● Action item
All lines in the records below from the line with "Dieses Etagenparkhaus bietet" through the line with "Peichl & Partner" are to be given again exactly, both ends included; the pictures are to be left out.

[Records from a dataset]

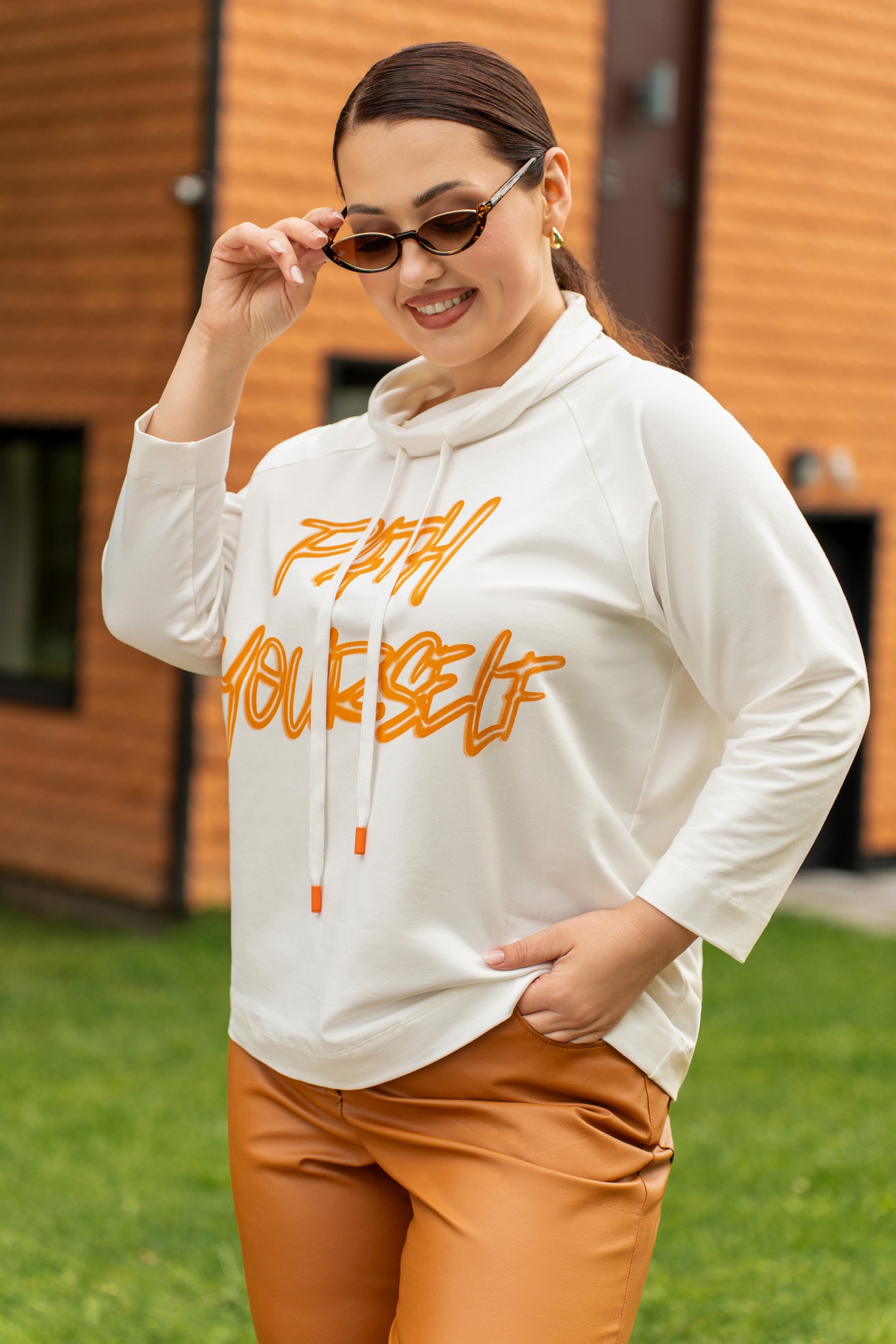 Джемпер женский прямого кроя, воротник-стойка со шнуром, с цветной печатью на полочке. Рукава втачные с притачными манжетами. Спинка цельная.низ с притачным поясом.
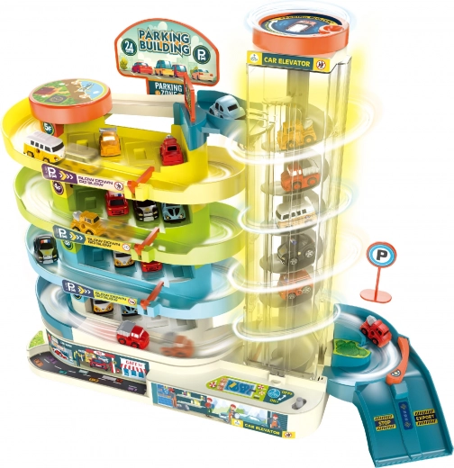 Dieses Etagenparkhaus bietet Kindern stundenlangen kreativen Spielspaß. Der funktionale Aufzug kann mit Batterien oder manuell (Schalter) betrieben werden, sodass Kinder die Spielweise frei wählen können. Licht- und Soundeffekte sorgen beim Parken und Bewegen der Autos für noch mehr Authentizität.
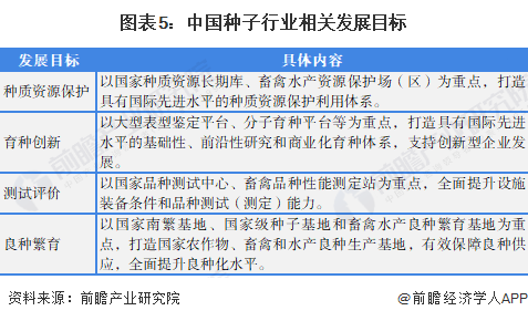 “八五”计划(1991-1995年)至“九五”计划(1996-2000年)时期,主要发展目标为充分利用农村丰富的劳动力资源,向农业的广度和深度进军;“十五”计划(2001-2005年)时期发展目标为通过实施“种子工程”、完善农田水利配套设施、加强中低产田改造、调整商品粮基地建设的内容和布局等措施,稳定粮食生产能力;“十一五”计划(2006年-2010年)提出建立和完善优异种质创新、新品种培育和规模化制种三大技术平台;“十二五”规划(2011-2015年)时期,主要发展目标为加快农业生物育种创新和推广应用;“十三五”规划(2016-2020年)提出,在加快生物育种发展目标的基础上,培育壮大育繁推一体化的种业龙头企业。《“十四五”规划和2035年远景目标纲要》提出确保种源安全、有序推进生物育种产业化应用、培育具有国际竞争力的种业龙头企业的发展目标。
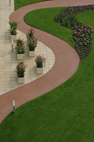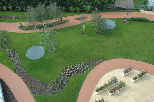 Peichl & Partner haben das Haus so einfach wie möglich angelegt. Der Straßentrakt erstreckt sich über 80 Meter Länge, dahinter gliedern zwei Höfe die in die Tiefe des Bauplatzes ausgreifenden Bauteile. Der erste Hof ist oval, durch ein sattes Rot (eine Referenz Richtung japanische Flagge) gekennzeichnet. Der zweite Hof ist gelb. Und die Bodenfläche wurde nach therapeutischen Vorgaben gestaltet: Es gibt sehr unterschiedliche Oberflächen, auch eine kleine Treppe, die man hinauf- und hinuntersteigen kann. Dieses Thema wird im Garten an der Rückseite des Hauses noch einmal und in größerem Umfang umgesetzt: Da gibt es dann einen Parcours, dem unterschiedliche Erlebnisbereiche zugeordnet sind - vom duftenden Rosengarten über Wasser und Seerosen bis zu einem Pavillon, einem Grillplatz, im kommenden Frühjahr auch einem Kirschgarten.
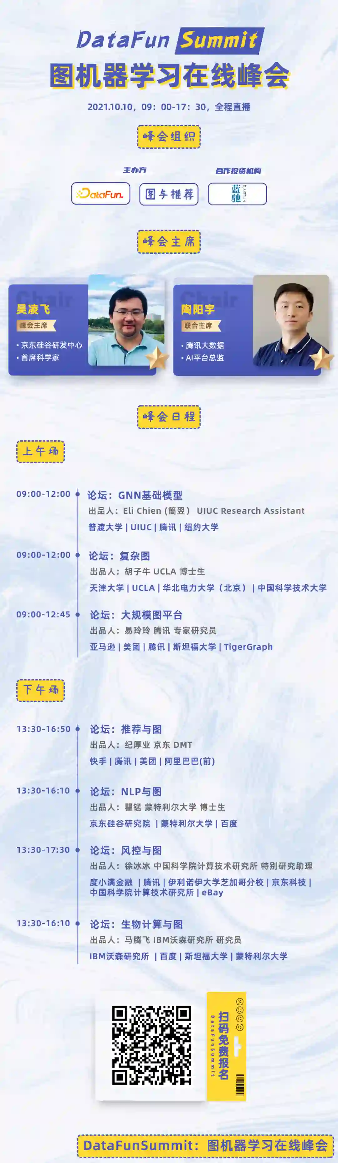 本次峰会我们将涵盖图深度学习的广泛主题,即图神经网络,内容包括从方法论到应用,从基础到技术的新前沿。当然我们也关注到没法全面涵盖图神经网络这个快速增长的领域,及时应对新技术和应用的不断涌现。因此,我们组织这个峰会的目的是希望提供一个高水平的技术交流平台,让来自世界各地的高校的领域专家和各个头部公司的算法专家,来畅谈图神经网络在算法设计,实用的业务应用实践的经验和教训;同时让众多的从业者有机会学习,探讨,从而推动图神经网络在各个领域普遍推广,发挥更实际的产业价值。
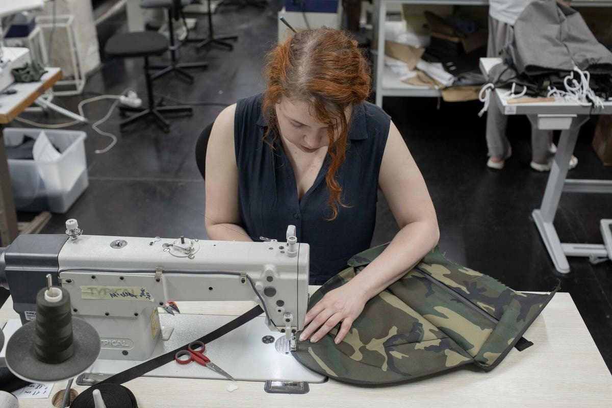 Теперь бронежилеты производятся на месте, а жилеты с пластинами — и спереди, и сзади — шьются из профессионально выглядящего цвета хаки, камуфляжа или негорючей ткани с «пиксельным рисунком». Эти жилеты снабжены карманами и подсумками для турникетов и всего остального, что необходимо солдату. Швейная работа могла бы быть и поаккуратнее, но многие женщины, особенно матери, имевшие наибольший опыт обращения с иголкой и ниткой, в начале войны уехали с детьми из Украины, поэтому в мастерских не хватает шустрого персонала.
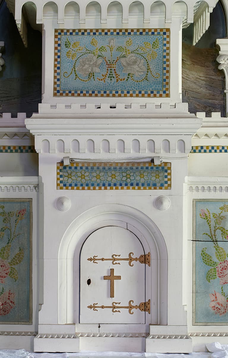 Autel de la Vierge. Tabernacle et thabor orné d'un décor peint imitant la mosaïque.

● Solution
 Dieses Etagenparkhaus bietet Kindern stundenlangen kreativen Spielspaß. Der funktionale Aufzug kann mit Batterien oder manuell (Schalter) betrieben werden, sodass Kinder die Spielweise frei wählen können. Licht- und Soundeffekte sorgen beim Parken und Bewegen der Autos für noch mehr Authentizität.
 “八五”计划(1991-1995年)至“九五”计划(1996-2000年)时期,主要发展目标为充分利用农村丰富的劳动力资源,向农业的广度和深度进军;“十五”计划(2001-2005年)时期发展目标为通过实施“种子工程”、完善农田水利配套设施、加强中低产田改造、调整商品粮基地建设的内容和布局等措施,稳定粮食生产能力;“十一五”计划(2006年-2010年)提出建立和完善优异种质创新、新品种培育和规模化制种三大技术平台;“十二五”规划(2011-2015年)时期,主要发展目标为加快农业生物育种创新和推广应用;“十三五”规划(2016-2020年)提出,在加快生物育种发展目标的基础上,培育壮大育繁推一体化的种业龙头企业。《“十四五”规划和2035年远景目标纲要》提出确保种源安全、有序推进生物育种产业化应用、培育具有国际竞争力的种业龙头企业的发展目标。
 Peichl & Partner haben das Haus so einfach wie möglich angelegt. Der Straßentrakt erstreckt sich über 80 Meter Länge, dahinter gliedern zwei Höfe die in die Tiefe des Bauplatzes ausgreifenden Bauteile. Der erste Hof ist oval, durch ein sattes Rot (eine Referenz Richtung japanische Flagge) gekennzeichnet. Der zweite Hof ist gelb. Und die Bodenfläche wurde nach therapeutischen Vorgaben gestaltet: Es gibt sehr unterschiedliche Oberflächen, auch eine kleine Treppe, die man hinauf- und hinuntersteigen kann. Dieses Thema wird im Garten an der Rückseite des Hauses noch einmal und in größerem Umfang umgesetzt: Da gibt es dann einen Parcours, dem unterschiedliche Erlebnisbereiche zugeordnet sind - vom duftenden Rosengarten über Wasser und Seerosen bis zu einem Pavillon, einem Grillplatz, im kommenden Frühjahr auch einem Kirschgarten.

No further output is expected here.